Semantic Search using Text Embedding
Convert and Optimize Model
Download and convert a text embedding model (e.g. BAAI/bge-small-en-v1.5) to OpenVINO format from Hugging Face:
optimum-cli export openvino --model BAAI/bge-small-en-v1.5 --trust-remote-code bge-small-en-v1_5_ov
See all supported Text Embedding Models.
Refer to the Model Preparation guide for detailed instructions on how to download, convert and optimize models for OpenVINO GenAI.
Run Model Using OpenVINO GenAI
TextEmbeddingPipeline
generates vector representations for text using embedding models.
- Python
- C++
- CPU
- GPU
import openvino_genai as ov_genai
pipeline = ov_genai.TextEmbeddingPipeline(
models_path,
"CPU",
pooling_type = ov_genai.TextEmbeddingPipeline.PoolingType.MEAN,
normalize = True
)
documents_embeddings = pipeline.embed_documents(documents)
query_embeddings = pipeline.embed_query("What is the capital of France?")

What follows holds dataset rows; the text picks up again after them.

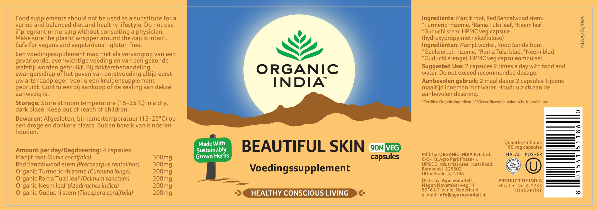 Deze formule helpt het bloed te zuiveren en het endocriene systeem meer in balans te brengen. Beautiful Skin bestaat uit de volgende kruiden: Manjit wortel, Rood Sandelhout, Geelwortel, Rama Tulsi blad, Neem blad, Guduchi stengel.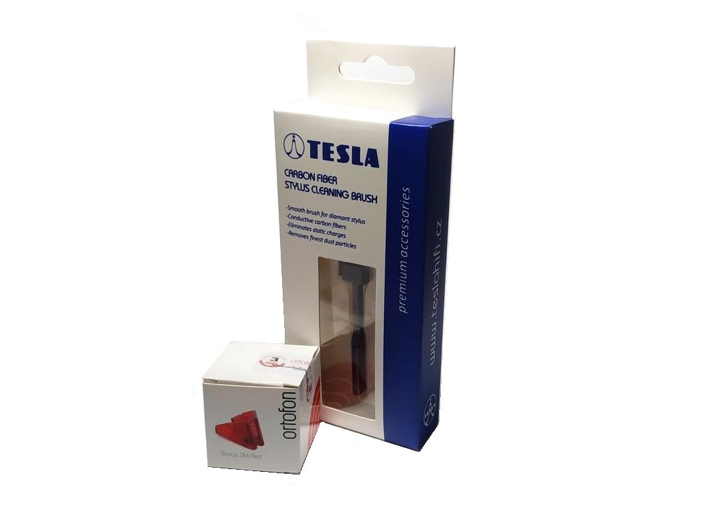 Akční set 2023: Ortofon Stylus 2M Red + TESLA Carbon Stylus Brush Náhradní hrot Ortofon stylus 2M Red Podmínkou uplatnění záruky je odborná instalace a nastavení výrobku provedená specializovanou organizací. TESLA Static-Off Carbon Fiber Stylus Brush - TE06 Uhlíková vlákna s vysokou hustotou odstraní veškeré chmýří, prach nebo nečistoty. Kartáč obsahuje 1 000 mikrovláken k odstranění i těch nejmenších částic a nečistot. Pravidelným používáním karbonového kartáčku TESLA udržujete diamantový hrot přenosky v dobré kondici, čímž podporujete ničím nerušený poslech bez praskání a také prodlužujete životnost diamantového hrotu přenosky. Nedoporučujeme používat k mokrému čištění. Znečištění, kterému jsou desky i přenosky vystaveny výrazně snižuje jejich životnost a následně kvalitu zvuku. Zřejmě každý zná praskání při přehrávání gramofonových desek. Jeho příčinu často svalujeme na stáří desek. Ve většině případů se však jedná o znečištěnou desku nebo přenosku. Praskání je způsobeno nečistotami a prachem, které k povrchu desky přitahuje statická elektřina. Pro dokonalý analogový poslechový zážitek se neobejdete bez pravidelné údržby gramofonových desek a diamantového hortu přenosky, a to je komplexní proces vyžadující více přípravků. K čištění povrchů gramofonových desek slouží čistící přípravky TESLA, které dstraňují z povrchu desek nečistoty, zbavují desku elektrostatického náboje, čímž se snižuje rychlost nabalování nečistot na její povrch. To samé platí pro přenosku, čistý a kvalitní zvuk zajišťuje čistý hrot přenosky. Jakmile přestane být přehrávaný zvuk kvalitní a čistý, je nutné hrot přenosky očistit přípravky TESLA. (v případě mechanického opotřebení hrotu přenosky je nutné jej vyměnit za nový)Doplňkové parametry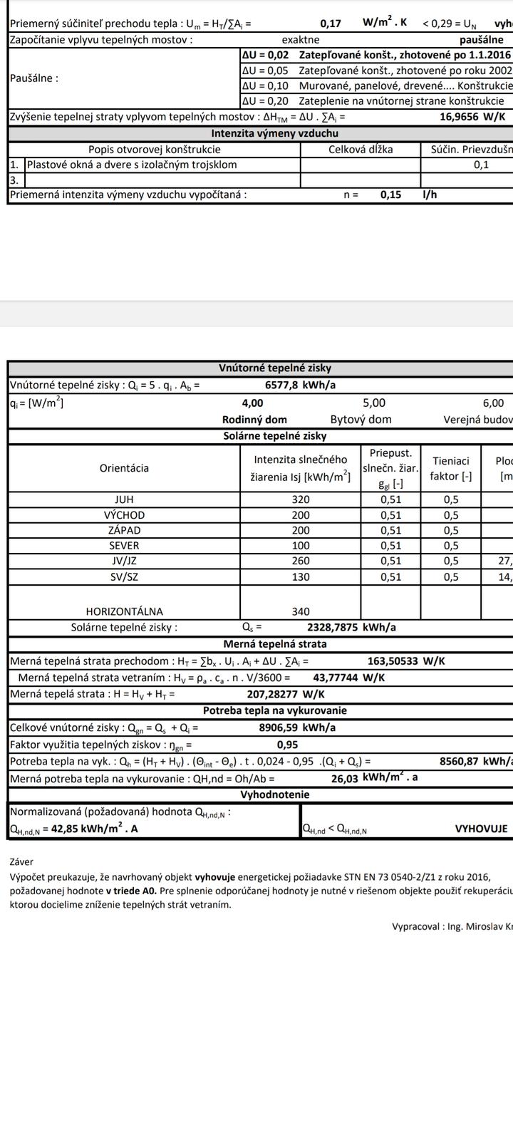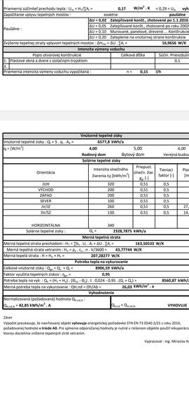 Mimochodom, výsledok merná potreba tepla okolo 26 kWk/(m2a) sa dosiahne, ak dáte rekuperáciu, je to dole v poznámke.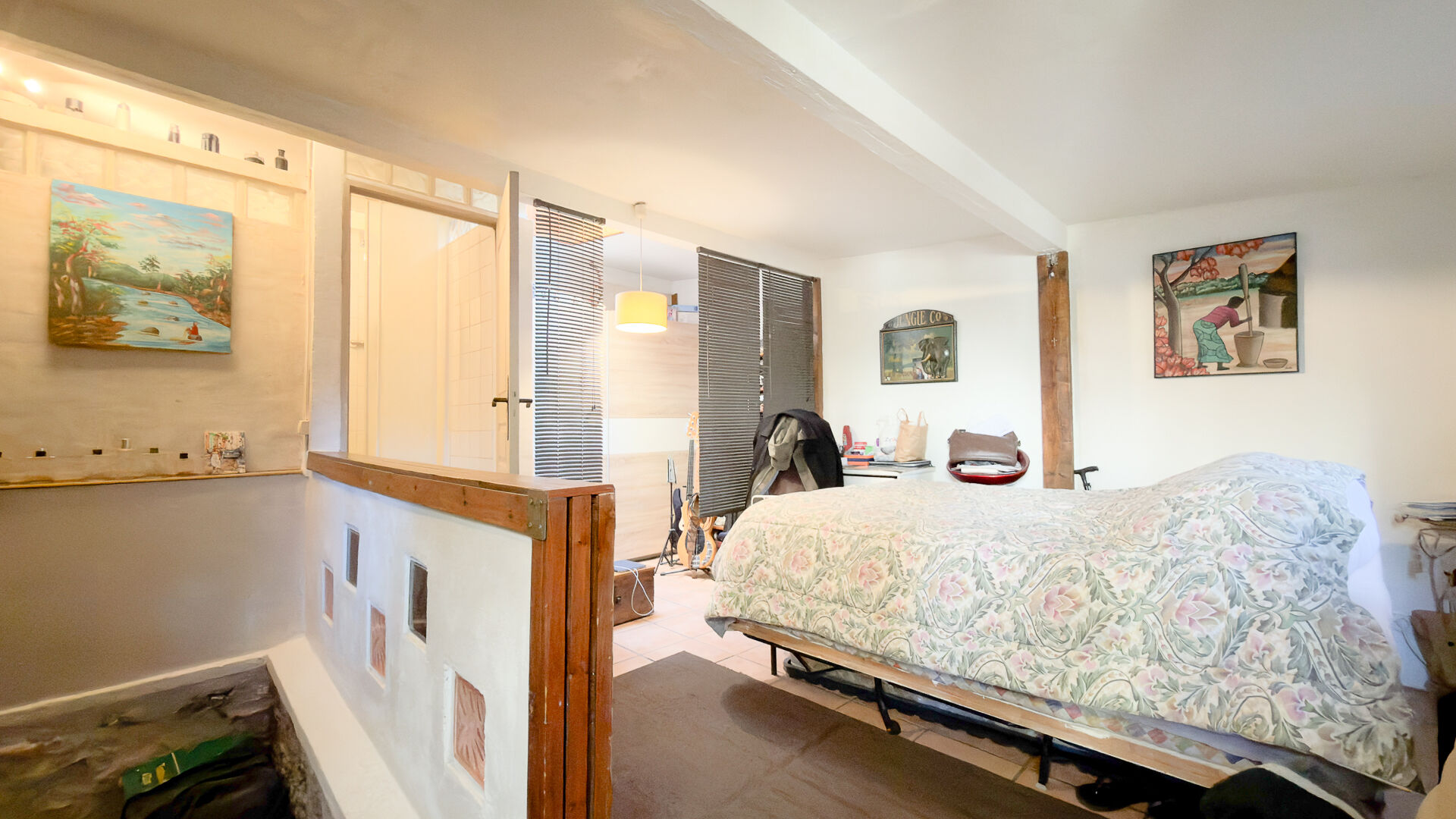 Au sous sol une pièce à usage de studio de musique.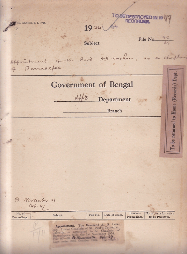 Appointment of the Revd. A.G. Cowham, as a Chaplain of Barrackpore.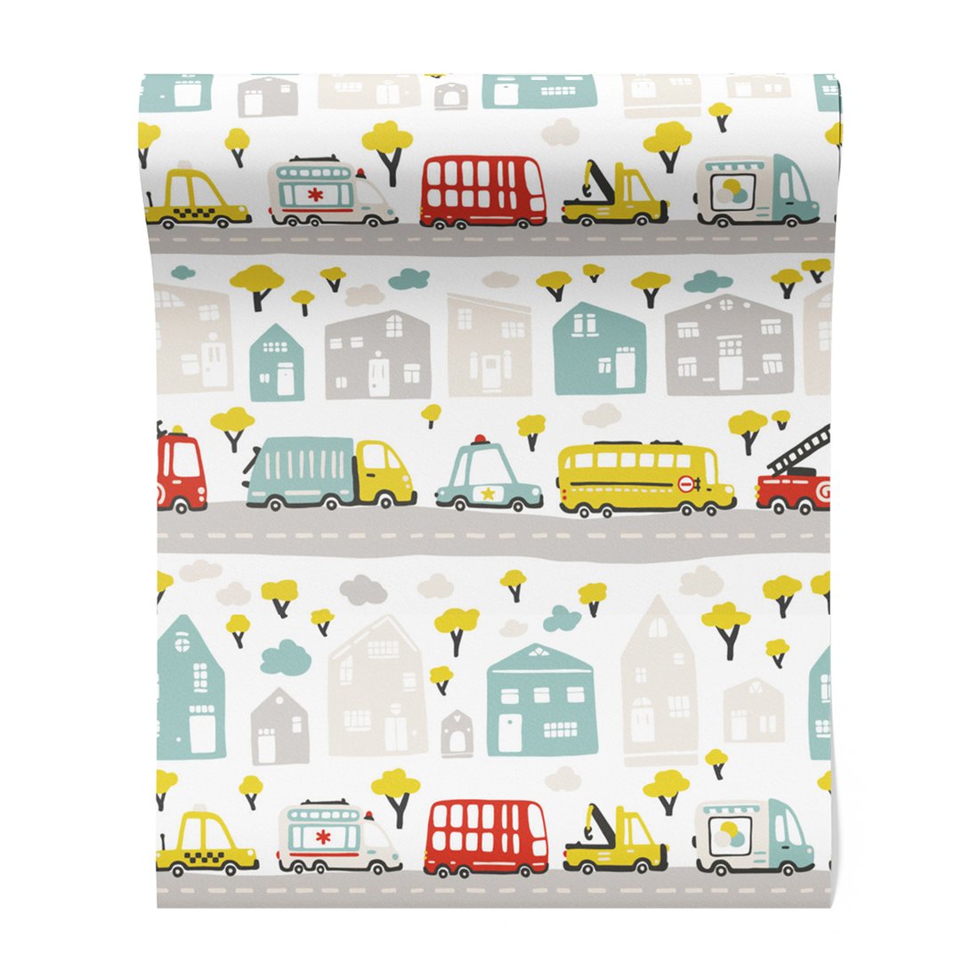Odkryj piękno i funkcjonalność tapety z motywem dziecięca, miasto, pojazdy, drzewa. To połączenie wyjątkowego wzornictwa z łatwością aplikacji, doskonałe do każdego pomieszczenia.
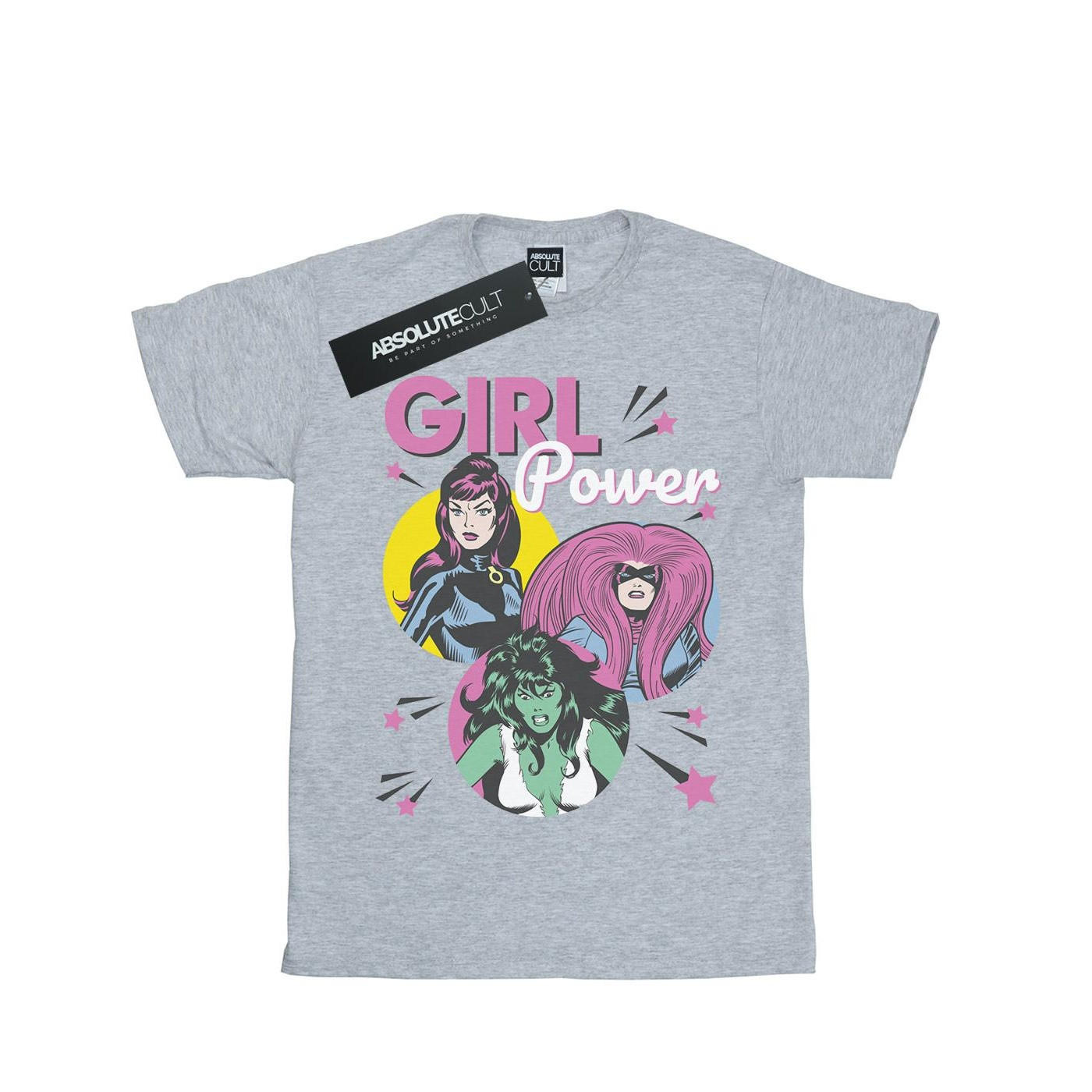 Marvel Comics - Camiseta Girl Power de Algodón Niñas (Gris Deportivo)

import openvino_genai as ov_genai
pipeline = ov_genai.TextEmbeddingPipeline(
models_path,
"GPU",
pooling_type = ov_genai.TextEmbeddingPipeline.PoolingType.MEAN,
normalize = True
)
documents_embeddings = pipeline.embed_documents(documents)
query_embeddings = pipeline.embed_query("What is the capital of France?")
- CPU
- GPU
#include "openvino/genai/rag/text_embedding_pipeline.hpp"
int main(int argc, char* argv[]) try {
auto documents = std::vector<std::string>(argv + 2, argv + argc);
std::string models_path = argv[1];
ov::genai::TextEmbeddingPipeline pipeline(
models_path,
"CPU",
ov::genai::pooling_type(ov::genai::TextEmbeddingPipeline::PoolingType::MEAN),
ov::genai::normalize(true)
);
ov::genai::EmbeddingResults documents_embeddings = pipeline.embed_documents(documents);
ov::genai::EmbeddingResult query_embedding = pipeline.embed_query("What is the capital of France?");
}
#include "openvino/genai/rag/text_embedding_pipeline.hpp"
int main(int argc, char* argv[]) try {
auto documents = std::vector<std::string>(argv + 2, argv + argc);
std::string models_path = argv[1];
ov::genai::TextEmbeddingPipeline pipeline(
models_path,
"GPU",
ov::genai::pooling_type(ov::genai::TextEmbeddingPipeline::PoolingType::MEAN),
ov::genai::normalize(true)
);
ov::genai::EmbeddingResults documents_embeddings = pipeline.embed_documents(documents);
ov::genai::EmbeddingResult query_embedding = pipeline.embed_query("What is the capital of France?");
}
Use CPU or GPU as devices without any other code change.
Additional Usage Options
Pooling Strategies
Text embedding models support different pooling strategies to aggregate token embeddings into a single vector:
CLS
: Use the first token embedding (default for many models)MEAN
: Average all token embeddings
You can set the pooling strategy via the pooling_type
parameter.
L2 Normalization
L2 normalization can be applied to the output embeddings for improved retrieval performance. Enable it with the normalize
parameter.
Query and Embed Instructions
Some models support special instructions for queries and documents. Use query_instruction
and embed_instruction
to provide these if needed.
Example: Custom Configuration
- Python
- C++
import openvino_genai as ov_genai
pipeline = ov_genai.TextEmbeddingPipeline(
models_path,
"CPU",
pooling_type=ov_genai.TextEmbeddingPipeline.PoolingType.MEAN,
normalize=True,
query_instruction="Represent this sentence for searching relevant passages: ",
embed_instruction="Represent this passage for retrieval: "
)
#include "openvino/genai/rag/text_embedding_pipeline.hpp"
ov::genai::TextEmbeddingPipeline pipeline(
models_path,
"CPU",
ov::genai::pooling_type(ov::genai::TextEmbeddingPipeline::PoolingType::MEAN),
ov::genai::normalize(true),
ov::genai::query_instruction("Represent this sentence for searching relevant passages: "),
ov::genai::embed_instruction("Represent this passage for retrieval: ")
);
For the full list of configuration options, see the TextEmbeddingPipeline API Reference.